### Task directions
If pictures appear among the lines below, leave them out while you return exactly the lines from the one with "The little sisters" through the one with "ベビー キッズ 赤ちゃん".

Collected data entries
══════

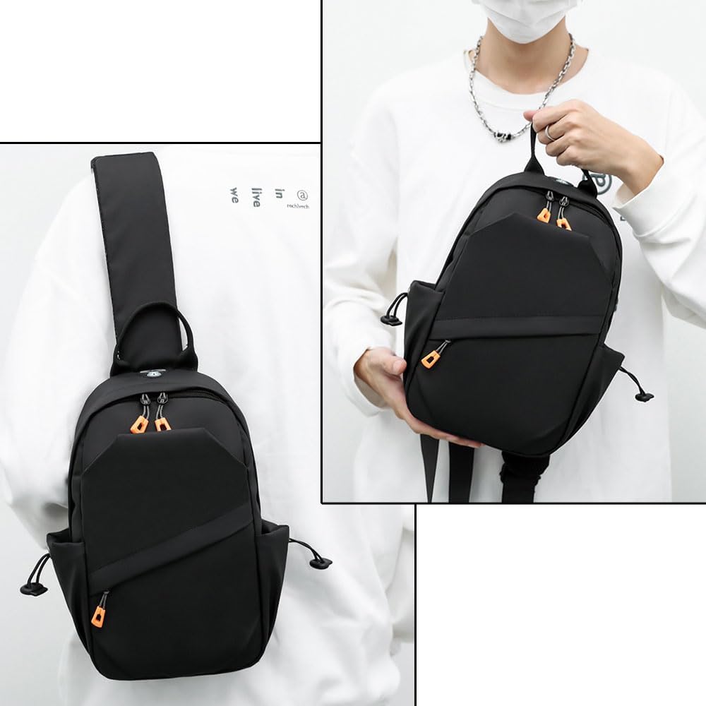 Sling Crossbody Backpack Bag for Men, Waterproof Lightweight One Strap Sling Bag with External USB Hole Design, Men's Adjustable Sling Shoulder Chest Bag for Travel Cycling Sports and Outdoor, Black
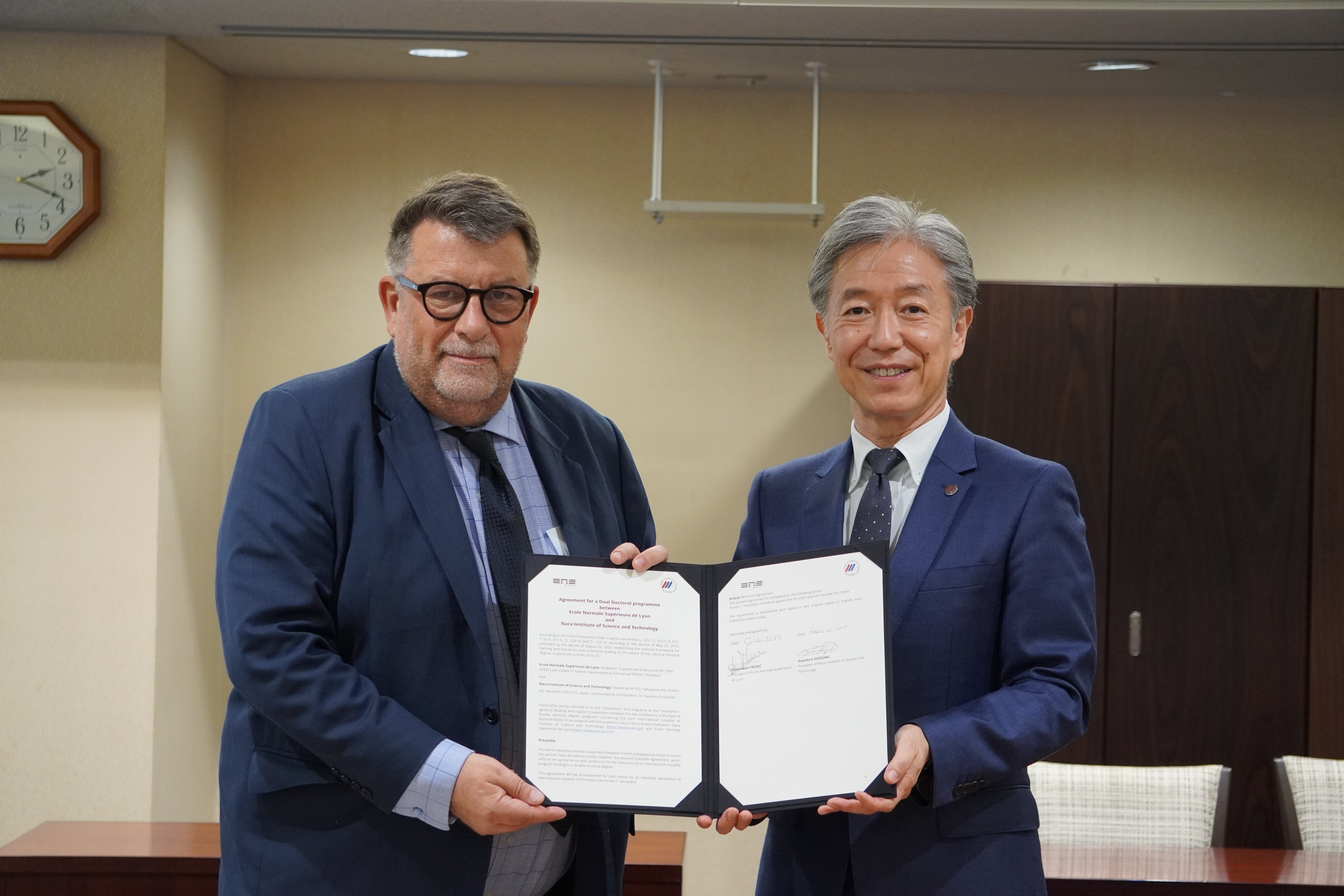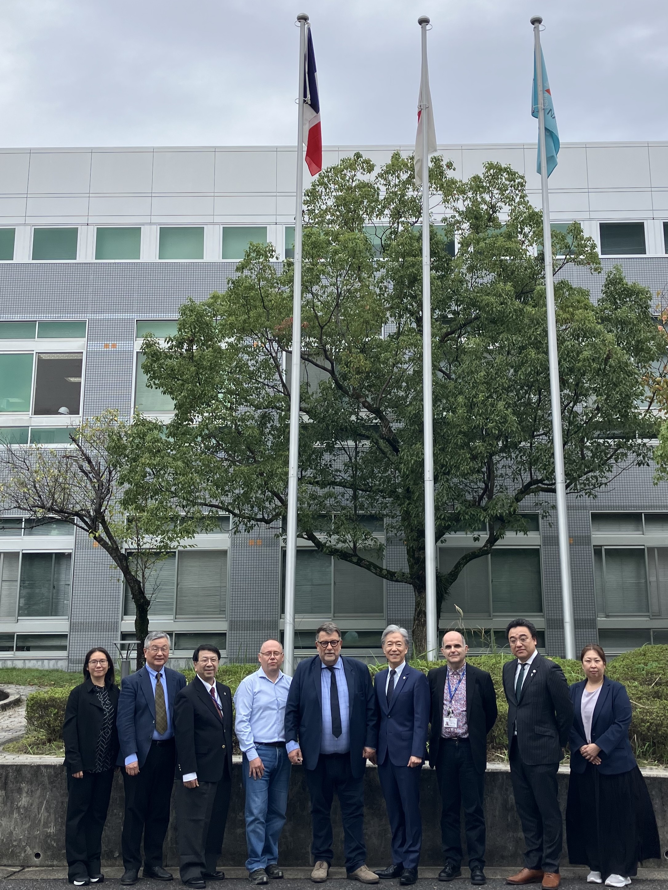 10月20日(月曜日)、リヨン高等師範学校のVincent Michelot国際関係担当・副学長、 François Roudier研究担当・副学長、Karin KIM LIM氏が本学を訪問しました。本学からは、塩﨑一裕学長、太田淳国際担当理事・副学長、真木寿治国際連携・人材開発推進機構・副機構長、Gwenael Rapenne物質創成科学領域・教授、安原主馬物質創成科学領域・准教授が出迎えました。
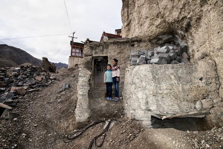 The little sisters we met at Lamayuru. It is their home in the village. They study in Leh and stay in hostel. Every summer vacation they come to their village home to stay with their family and grand mother. This was one such vacation
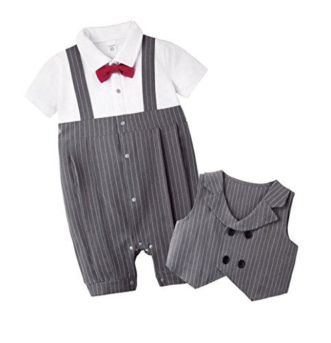 ベビー キッズ 赤ちゃん 子供服 重ね着風フォーマル 紳士風 男の子 半袖 蝶ネクタイ付 ベストとロンパース2点セットカバーオール春夏 結婚式 お宮参り 七五三 節句 入園式 入学式 出産祝い ギフトBaby0167
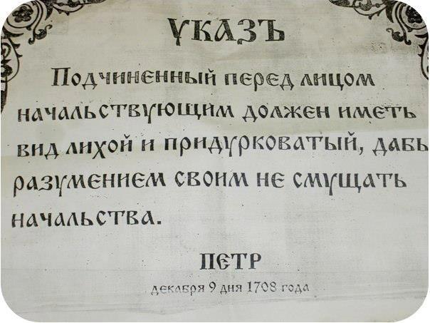 Указываю впредь, перед ассамблеей мыться с мылом в бане со тщением и не токмо за чистотой верхней робы, но и за исподним такожды следить усердно, дабы гнусным видом своим не позорить жен российских.
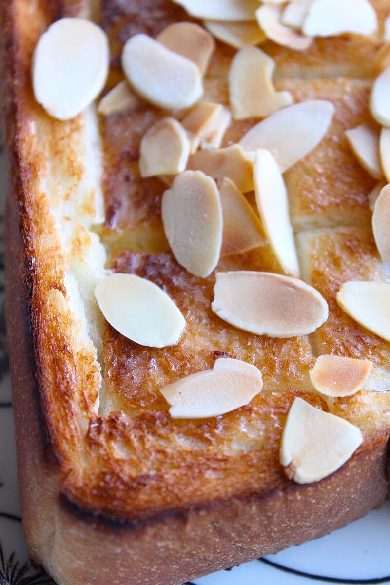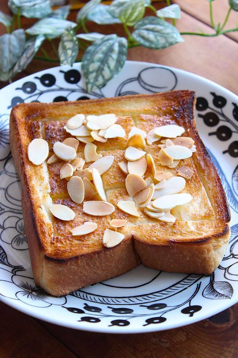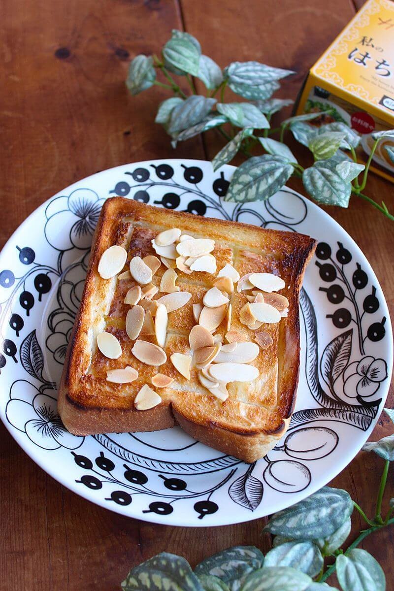 (3)焼けたパンに「はちみつバター」をたっぷり塗り、お好みで軽く炒ったスライスアーモンドをトッピング!

══════

### The answer
 The little sisters we met at Lamayuru. It is their home in the village. They study in Leh and stay in hostel. Every summer vacation they come to their village home to stay with their family and grand mother. This was one such vacation
 ベビー キッズ 赤ちゃん 子供服 重ね着風フォーマル 紳士風 男の子 半袖 蝶ネクタイ付 ベストとロンパース2点セットカバーオール春夏 結婚式 お宮参り 七五三 節句 入園式 入学式 出産祝い ギフトBaby0167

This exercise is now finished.